Others, it seems, have taken it upon themselves to fill the GA’s media vacuum of their own accord. One document being circulated and discussed online is “Occupy Wall Street—Official Demands,” dated September 20 of 2013, which includes detailed proposals for reforming the financial system, none of which has been approved by the GA.
“This
is definitely not ours,” says Marisa Holmes, a facilitator of the GA
since the first planning meetings. “All decisions made by the GA are
made in this space.”
Worse,
thanks to some imaginative theorizing by Aaron Kein of the right-wing
online publication WorldNetDaily, the idea began circulating that the
movement was “closely tied” with ACORN, SEIU and that it took its
inspiration from the Weather Underground; George Soros; and, ultimately,
President Obama himself. Five minutes at a GA meeting would easily
disabuse one of such associations. The GA had no official organizational
ties and, besides a food fund that has been stuck in an inaccessible
WePay account, almost no money. Many wish that they had the support of
unions, but so far they still don’t.
What’s
actually underway at Liberty Plaza is both simpler and more
complicated: music making, sign drawing, talking, organizing, eating,
marching, standoffs with police and (not enough) sleeping. It’s a
movement in formation. As protesters sometimes like to chant, “This Is
Just Practice.” There are a handful of guys with Anonymous Guy Fawkes
masks backward on their heads, but they’re just one affinity group among
many. O’Brien didn’t appear on the plaza for a couple of days—she was
“running the back-end,” she says—and there has been almost no talk of
“One citizen. One dollar. One vote.” Adbusters sends the occasional
package of posters in the mail and offers confusing advice to organizers
on the ground. Nobody’s exactly sure yet who is doing what, but they’re
learning.
For
the most part, the occupation is riding the momentum started in the GA
meetings that were going on for a month and a half beforehand. They
built a community of people who trust each other, who have a sense for
each other’s skills and who are in some basic agreement about ends and
means.
In
the revolutions and uprisings and occupations that have been taking
place around the world since the beginning of this year, there has been a
lot of talk about the mobilizing power of social media—of the Twitters
and Facebooks and cell phones.
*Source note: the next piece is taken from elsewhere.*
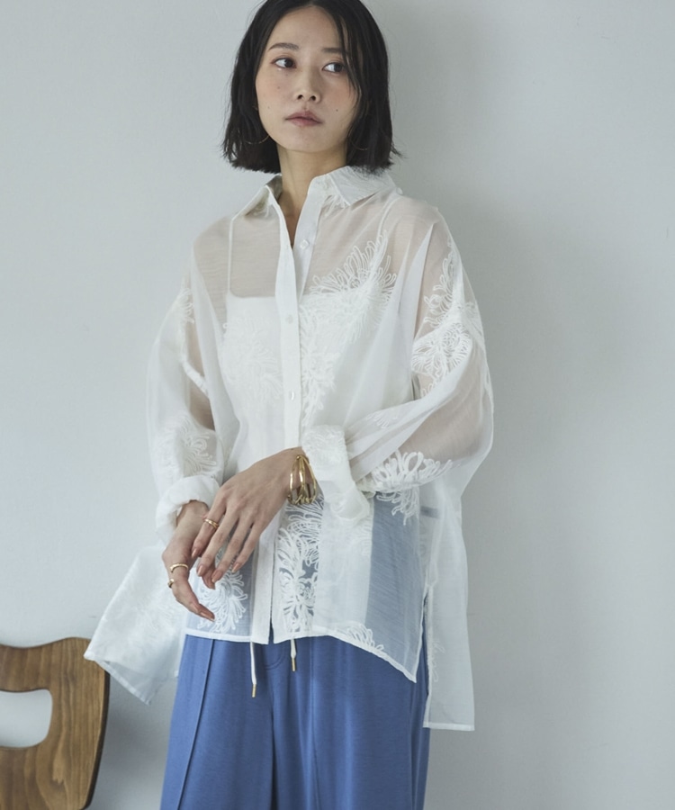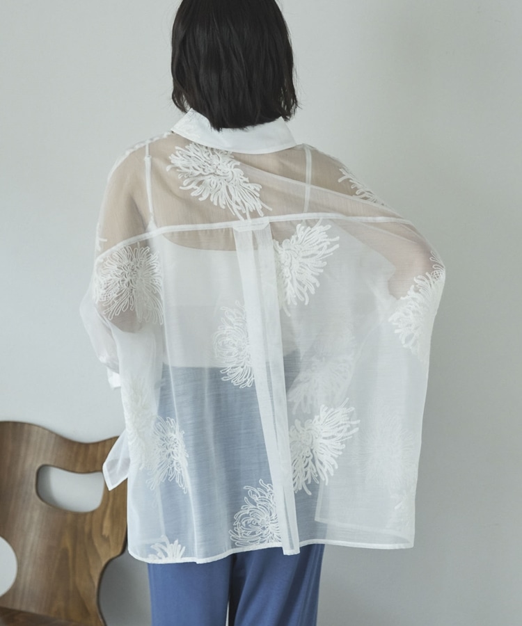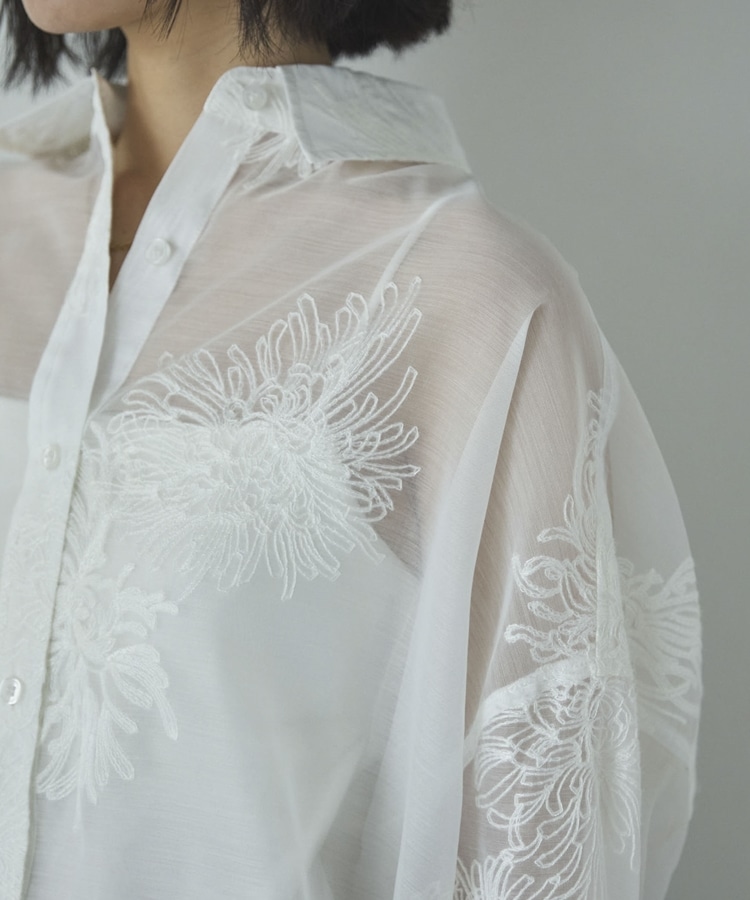 フラワー刺繍オーバーシャツ OFF WHITE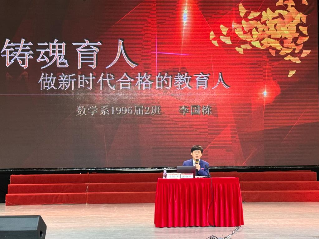 校友代表李国栋作报告《铸魂育人,做新时代合格的教育人》

But when the Egyptian government shut
down the Internet and the cellular signals in January, the movement
there carried on. One of the deciding factors that brought down Mubarak,
in the end, was not some Twitter hashtag, but a general strike
organized by traditional labor unions. The Internet can help (as well as
hurt) a movement, but it’s no replacement for actual relationships
among actual people, building actual trust through actually working
together over a period of time.
“I
could have a political discussion just on the Internet,” says web
developer Drew Hornbein, who is on the GA’s Internet Committee, “but
it’s nice to get out like this.” When he started attending GA meetings
in August, he got excited, thinking, “This is something really real.
This could really be something.”
So
it has become. But everyone at Liberty Plaza knows the movement has to
be bigger for it to have the effect they want to see. Whole swaths of
Americans—from racial minorities to disgruntled Wall Streeters—are
underrepresented among the occupiers. Not everyone, it seems, is quite
so glued to Twitter as the young radical set. They’ve had to start
scrambling to relearn how to make fliers, reach out to membership
organizations and find people where they are to make the movement’s
numbers grow.
On
Thursday evening, a surprise march of hundreds mourning the execution
of Troy Davis in Georgia set out for Liberty Plaza from Union Square,
led by occupiers. Police made attempts to stop it with barricades and
clubs and arrests, but they couldn’t; and when the marchers arrived, the
numbers in the plaza swelled. There were a lot of new faces and new
kinds of faces. It paid off to quit the Internet, go to where people
actually are and bring them back.
In
the GA that night, Ted Actie, who lives in Brooklyn and works for On
the Spot, a minority-owned talk-show production company, called on the
protesters to speak more directly to the communities around them. “You
do so much social networking,” he said, “you forget how to socialize.”